Les exigences de sécurité comportent l'enregistrement du laboratoire et de l'institution qui l'héberge, la désignation d'un responsable de la sécurité, l'évaluation des risques posés par les personnes ayant accès à ce laboratoire, le respect des consignes pour les mouvements des agents pathogènes, la tenue de cahiers spéciaux, les restrictions à certaines expérimentations, etc… Mais tout ceci est stipulé dans un langage laissant une grande marge d'interprétation ce qui augmente à la fois la responsabilité, et ce faisant encourage les timorés à aller au delà d'une interprétation très restrictive. C'est notamment ce qui se passe pourles inspections prévues.

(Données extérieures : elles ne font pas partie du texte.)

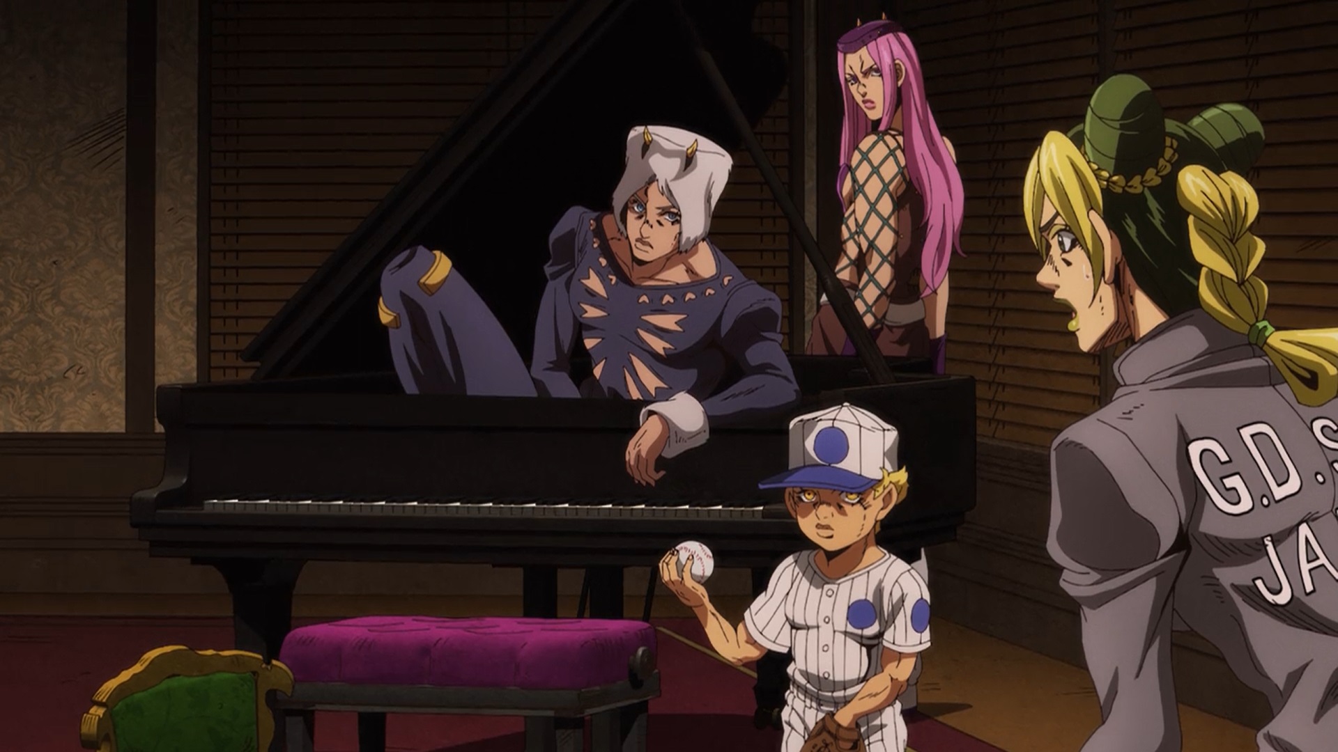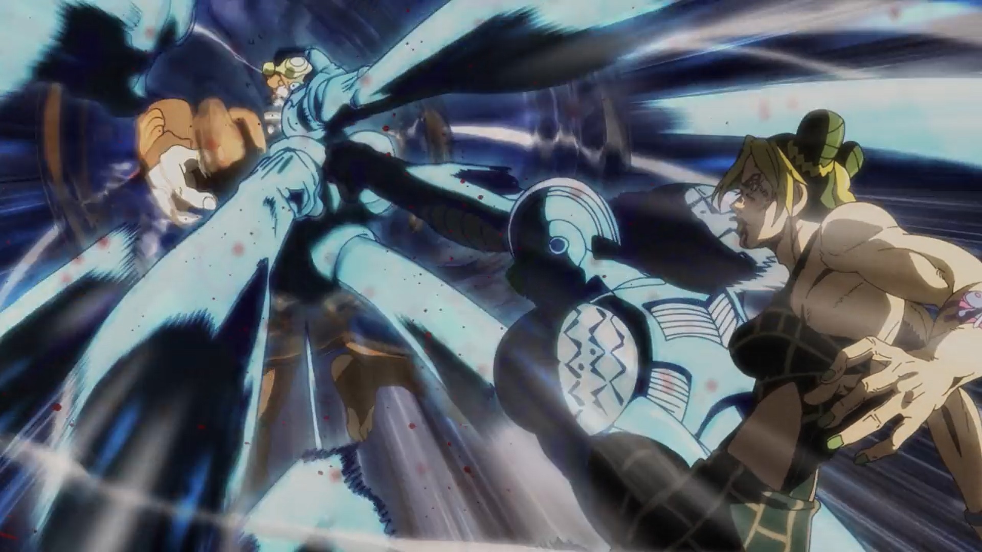 Weather Report’s Stand ability is like the name implies, he’s able to control weather. He can create little clouds and control the air in rooms, which came to be a life saver when dealing with Jumpin Jack Flash who created zero gravity spaces. It was a really entertaining fight, as well as kind of terrifying when we saw the extent of how dangerous the zero gravity could be. A great science lesson too from Weather Report as we learned how blood worked in the body and how they would meet their end if they didn’t deal with the enemy in time. This was a much more entertaining fight compared to the last one, and very creative too. We barely got to meet Weather Report but we saw what he could do with his abilities, like making an entire air astronaut suit. The way he can manipulate the weather is seriously really fun to watch and so helpful. It was also pretty funny that he used his clouds to absorb their pee droplets. And while the pee moment felt random it was actually part of that science lesson with the zero gravity haha. And just to gush about Weather Report again, I love that they cast Yuuichirou Umehara for him because he’s just perfect. I love his voice and I think it suits Weather’s so well. Honestly I’m just happy in general with this cast because all of them have been killing it.
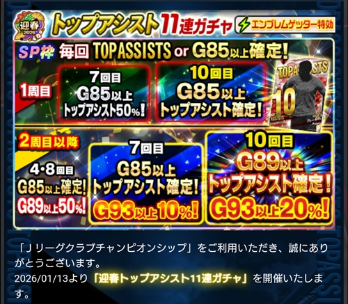 HOME > イベント > トップアシスト11連ガチャ 2026年1月15日 スポンサーリンク 開催日: 2026年1月13日 3:00 PM - 2026年1月30日 2:00 PMカテゴリー: 【Jクラ】ガチャ スポンサーリンク 関連コンテンツ -
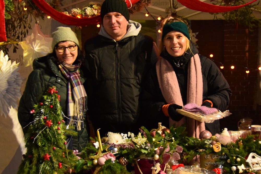 Za nami tegoroczny Jarmark Świąteczny ?. Na złocienieckim deptaku w miniony piątek czuć było magiczną atmosferę nadchodzących świąt. Stoiska rękodzielników, rzemieślników i przeróżnych stowarzyszeń, instytucji i kół przyciągały nas zapachami korzennych przypraw, domowych potraw i wyrobów rzemieślniczych, a wzrok przyciągały wykonane ze szczególną dbałością stroiki, ozdoby choinkowe czy skrzaty. Nie mogło zabraknąć Świętego Mikołaja, który rozdawał dzieciom słodkości, słuchał ich prezentowych marzeń i tulił każdego, kto miał na to ochotę. Przy jego chatce dzieci mogły napisać do niego list i potańczyć z elfami w animacyjnych zabawach. Świątecznej magii naszemu jarmarkowi w tym roku dodała karuzela wenecka, która nie dość, że była piękną ozdobą to wywoływała uśmiech na twarzach dzieci i dorosłych.
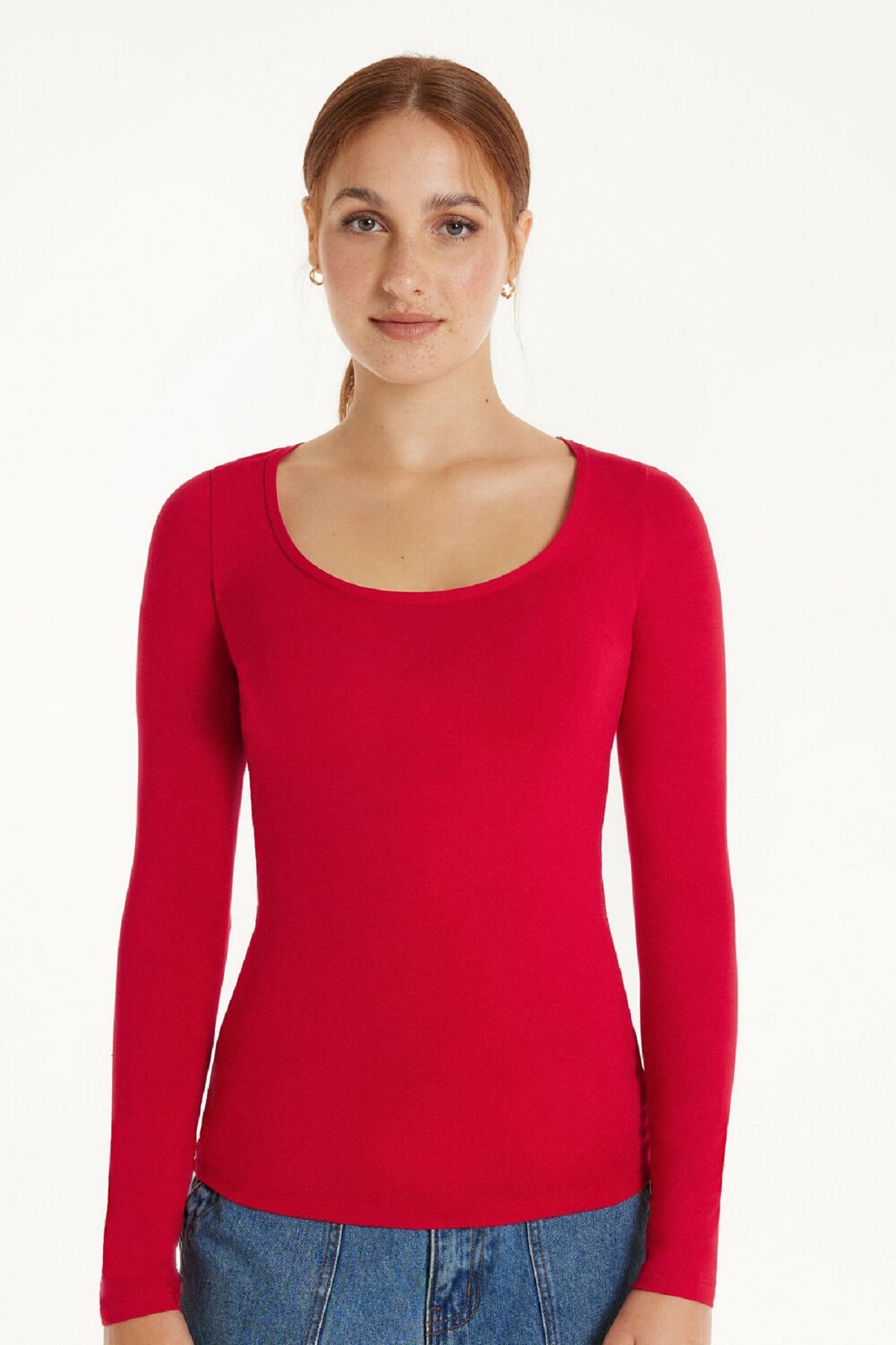 5Tezenis: Camiseta Manga Larga Escote Redondo Amplio Viscosa roja
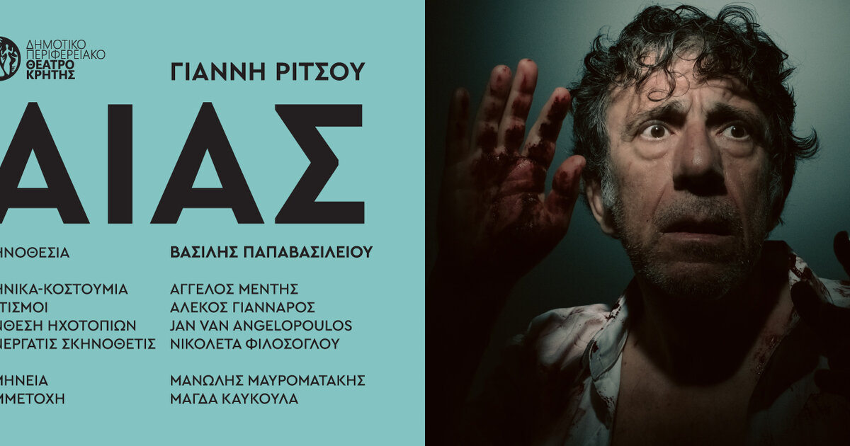 Η παράσταση «Αίας» του Γιάννη Ρίτσου, καλοκαιρινή παραγωγή του ΔΗΠΕΘΕ Κρήτης, για την περίοδο 2022-23, κάνει πρεμιέρα στα Χανιά, στο Αρχαίο Θέατρο της Απτέρας στις 30 Ιουνίου, σε σκηνοθεσία Βασίλη Παπαβασιλείου και με μια εξαιρετική ομάδα ηθοποιών και συντελεστών. Η παράσταση θα περιοδεύσει στη συνέχεια σε όλη την Κρήτη και σε επιλεγμένα Φεστιβάλ στην Αθήνα.
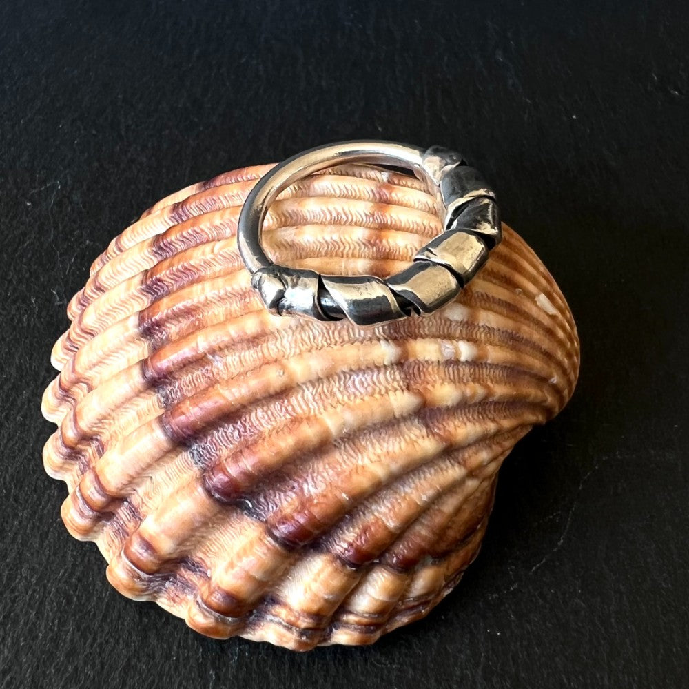 This usual ring was handmade using sterling silver and has an oxidised finish.
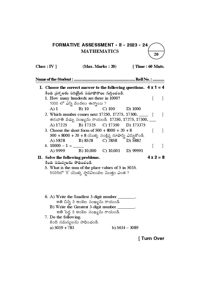 AP 4th Class FA2 Maths Question Paper 2024
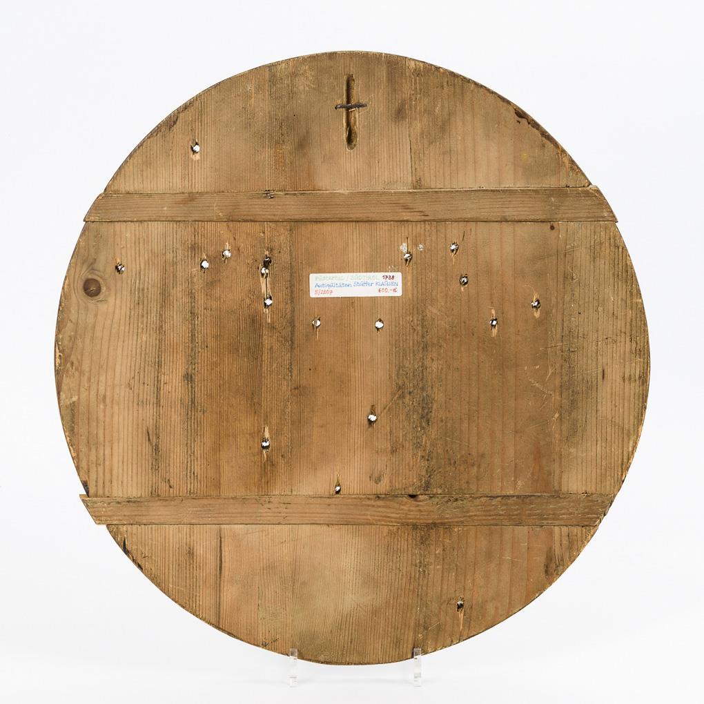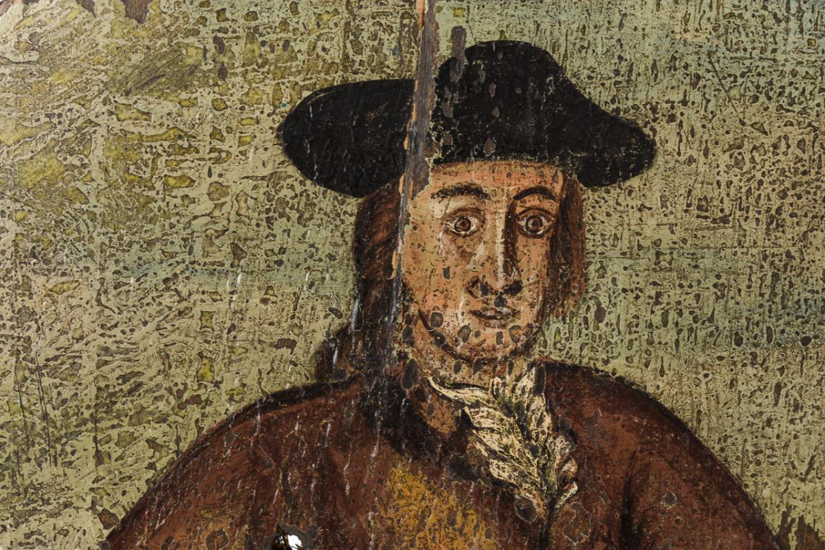 Schützenscheibe mit der Standfigur eines Mannes neben dem Gewehr; im Hintergrund eine Schießscheibe sowie etliche Einschüsse. Trockenriss, starke Alters-/Gebrauchsspuren.
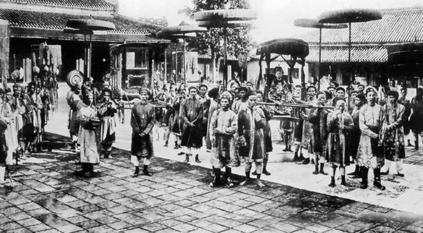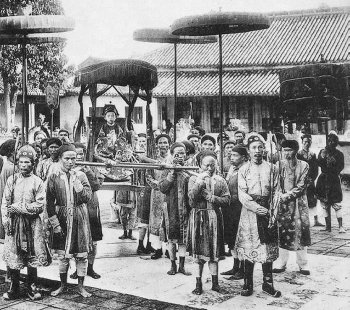 Le petit empereur d'Annam quittant ses appartements privés pour se rendre à la salle du Trône, porté sur une chaise de parade, entouré des mandarins du Conseil de Régence.
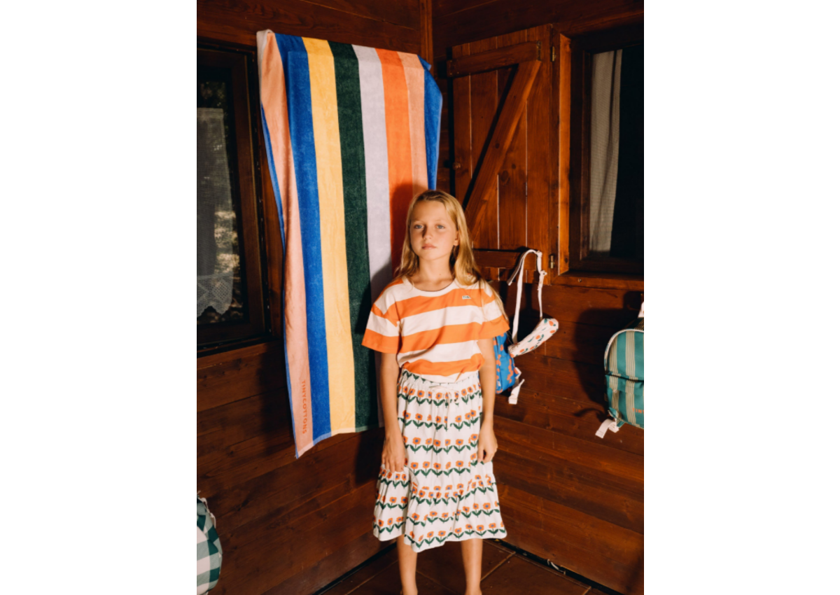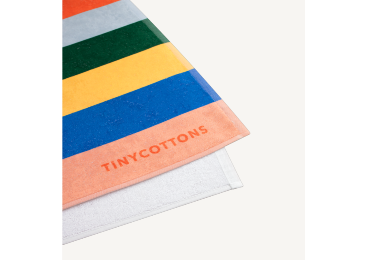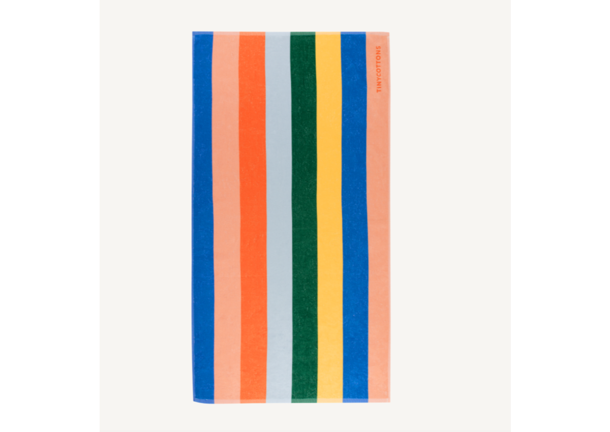 Stripes inspired by the colors of Paraíso Tiny. This bold stripe towel comes with a soft-on-the-skin cotton layer on the back.

La restriction sur les personnes ayant accès à ce type de recherche est également vasouillarde (les motifs de figuration sur une liste de prohibition sont très variés, comme un exclusion de l'armée pour homosexualité!!!). Gare aux homonymies, et anomalies informatiques etc…

La liste des agents couverts par la réglementation est parfaitement manichéenne: un microbe y figure, et rien n'est autorisé, ou n'y figure pas, et tout est théoriquement permis. Légalement Bacillus anthracis et Rickettsia rickettsii sont mis sur le même plan, bien

que le charbon soit manifestement plus dangereux que le typhus.

Un certain nombre de chercheurs ont décidé de ne plus travailler sur ces agents, ne voulant pas aller en prison pour la moindre infraction involontaire (voir ce qui est arrivé à ce chercheur texan, je crois, qui ne savait plus ce qu'il avait fait d'une souche). Le CDC (Centre for Disease Control) estime à 817 le nombre des laboratoires qui devraient être enregistrés. Or seuls 323 le sont actuellement. La plupart d'entre eux ont arrêté leurs recherches, ce qui n'était probablement pas le résultat attendu. Stanford University a, par exemple, arrêté toute recherche dans ce domaine. Les collections de Francisella tularensis (agent de la tularémie) ont été transférées ailleurs ou détruites, après consultation des chercheurs. Cela coûtait trop cher d'appliquer les règles de sécurité imposées face à l'intérêt des collections.

Il conviendrait donc de sortir de ce piège déjà amorcé. La conception en noir et blanc des différents agents doit être affinée. Celà est évidemment fonction de la "militarisation" possible des agents (voir plus haut). Cette analyse est clairement différente de celle des risques sanitaires qui ne prennent en compte que les contaminations possibles au laboratoire. Il faudrait, comme pour bien d'autres risques, définir plusieurs niveaux (les auteurs en proposent quatre). Le plus bas est celui de plusieurs des agents de bioterrorisme. On exigerait seulement leur conservation dans des locaux fermés et un suivi des utilisations. La plupart des agents sont, selon eux d'un niveau de risque modéré et nécessiteraient, un contrôle limité des accès. Ces deux catégories ne sont pas très coûteuses à faire respecter. Très peu d'agents doivent être considérés comme à haut risque et requièrent des mesures plus drastiques, comme la supervision par un responsable de la sécurité affecté. Le risque extrême est celui du virus de la variole car il n'existe plus dans la nature et les sources disponibles sont extraordinairement limitée (officiellement deux). On peut alors se payer une garde spécialement affectée à cette ressource.

156. Dans un éditorial provocateur Y Chisti;

Biotechnology Advances 22 (MAY04) 361, pose la question de savoir qui a encore besoin d'une industrie laitière conventionnelle. Un bon fermenteur produirait des substituts tout à fait acceptables, à moindre risque et à un coût beaucoup plus réduit que la chaine agro-industrielle du pâturage au laitier du petit matin. Cette sortie a d'autant plus de sel qu'elle émane d'un chercheur néozélandais, où les coûts à qualité égale, sont les plus bas du monde.

Si cette production n'a pas encore été réalisée, elle est techniquement faisable. On fait déjà des substitut du beurre depuis un siècle à partir de substrat végétaux sans faire souffrir des vaches laitières à qui on impose génétiquement de fabriquer plus de dix tonnes de lait par an.